• **Instructions for the task**: Every line below must come back exactly as it stands, with the images omitted.

• **Recorded data**:
##############################

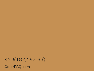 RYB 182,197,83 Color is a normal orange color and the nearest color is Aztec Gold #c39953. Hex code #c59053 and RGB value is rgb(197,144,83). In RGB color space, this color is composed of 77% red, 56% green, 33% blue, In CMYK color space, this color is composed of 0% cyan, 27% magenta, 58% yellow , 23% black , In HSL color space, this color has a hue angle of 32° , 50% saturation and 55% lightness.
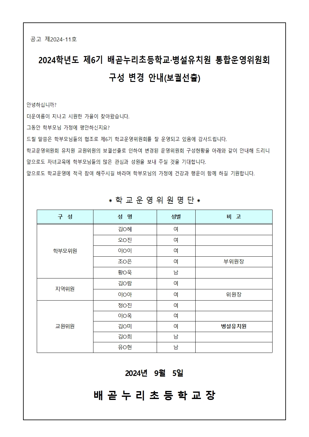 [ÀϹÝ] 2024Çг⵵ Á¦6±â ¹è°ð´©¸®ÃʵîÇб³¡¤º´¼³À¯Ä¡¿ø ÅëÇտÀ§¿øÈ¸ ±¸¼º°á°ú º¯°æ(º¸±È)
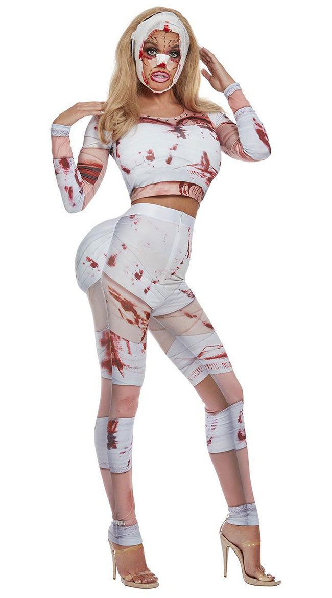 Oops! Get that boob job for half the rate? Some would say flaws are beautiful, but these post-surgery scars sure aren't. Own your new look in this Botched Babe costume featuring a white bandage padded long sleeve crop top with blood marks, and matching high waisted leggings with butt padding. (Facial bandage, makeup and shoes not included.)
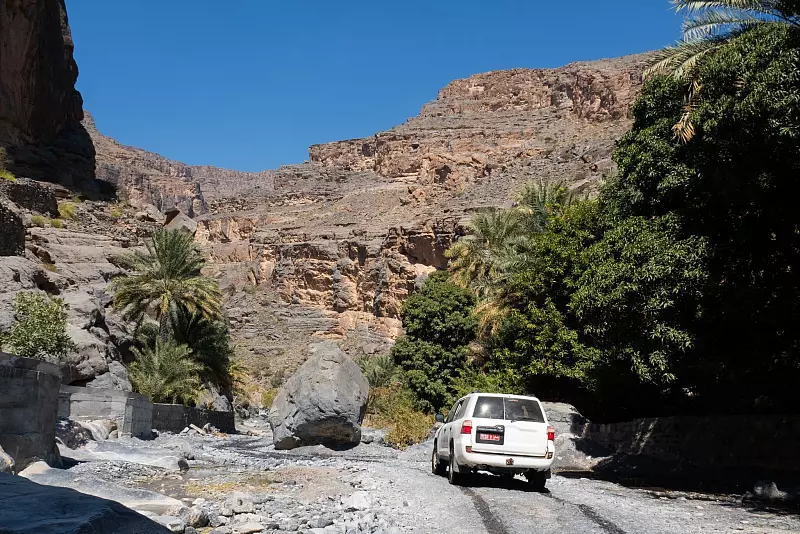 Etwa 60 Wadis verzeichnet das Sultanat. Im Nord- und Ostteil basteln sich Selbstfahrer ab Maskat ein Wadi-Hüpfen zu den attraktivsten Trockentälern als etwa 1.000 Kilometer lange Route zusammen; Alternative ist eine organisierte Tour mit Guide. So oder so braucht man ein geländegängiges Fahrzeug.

##############################

• **Output of the task**:
 RYB 182,197,83 Color is a normal orange color and the nearest color is Aztec Gold #c39953. Hex code #c59053 and RGB value is rgb(197,144,83). In RGB color space, this color is composed of 77% red, 56% green, 33% blue, In CMYK color space, this color is composed of 0% cyan, 27% magenta, 58% yellow , 23% black , In HSL color space, this color has a hue angle of 32° , 50% saturation and 55% lightness.
 [ÀϹÝ] 2024Çг⵵ Á¦6±â ¹è°ð´©¸®ÃʵîÇб³¡¤º´¼³À¯Ä¡¿ø ÅëÇտÀ§¿øÈ¸ ±¸¼º°á°ú º¯°æ(º¸±È)
 Oops! Get that boob job for half the rate? Some would say flaws are beautiful, but these post-surgery scars sure aren't. Own your new look in this Botched Babe costume featuring a white bandage padded long sleeve crop top with blood marks, and matching high waisted leggings with butt padding. (Facial bandage, makeup and shoes not included.)
 Etwa 60 Wadis verzeichnet das Sultanat. Im Nord- und Ostteil basteln sich Selbstfahrer ab Maskat ein Wadi-Hüpfen zu den attraktivsten Trockentälern als etwa 1.000 Kilometer lange Route zusammen; Alternative ist eine organisierte Tour mit Guide. So oder so braucht man ein geländegängiges Fahrzeug.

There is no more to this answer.